Jesus’ exhortations to do precisely the opposite are so numerous they need no citation, yet I dare say ALL those who vote against the poorest of us while rewarding the richest are among the most vocal and visible Jesus cheerleaders.

“WAIT!” they typically say, “our actions are not anti-Jesus because they promote personal responsibility and individual freedom from oppressive government.” They will add that their personal charity is sufficient to fulfill Jesus’ commands. Many would further intimate that government welfare is socialism and makes us like “godless” communist states.

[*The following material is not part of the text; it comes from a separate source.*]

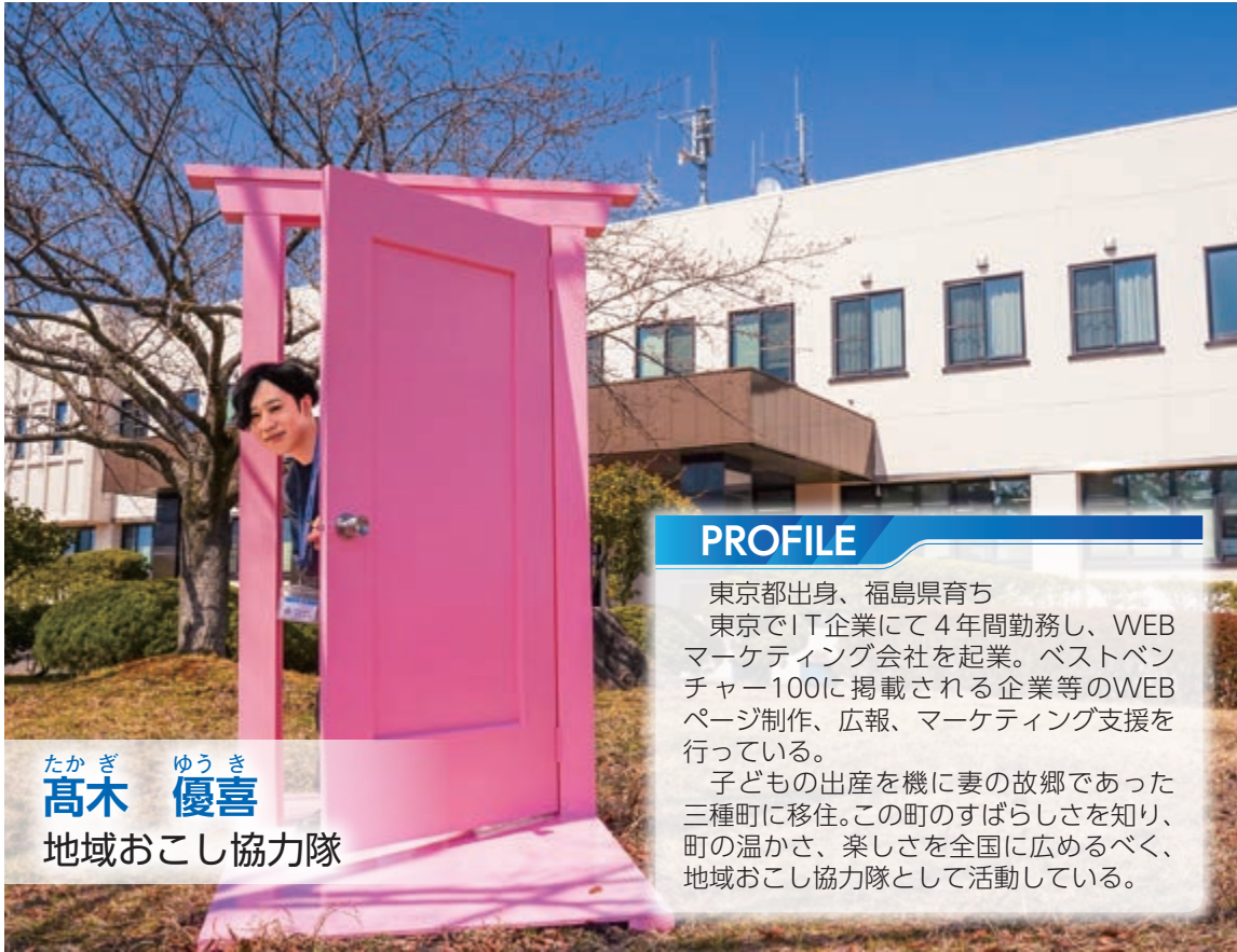
たかぎ ゆうき 高木 優喜 地域おこし協力隊

First, if anyone doubts Jesus’ desire that we apply his principles even in—ESPECIALLY within—our political process they should refer to ACTS 4: 31-35*. Here you will find no better definition of collective action, of, um…er…wow the truth is sometimes so hard to say…of “socialism.”

In no way am I saying we must conform our free market capitalistic system to this arrangement. And perhaps it is because I derive my goodies from it that I feign ignorance about Jesus’ will in this regard.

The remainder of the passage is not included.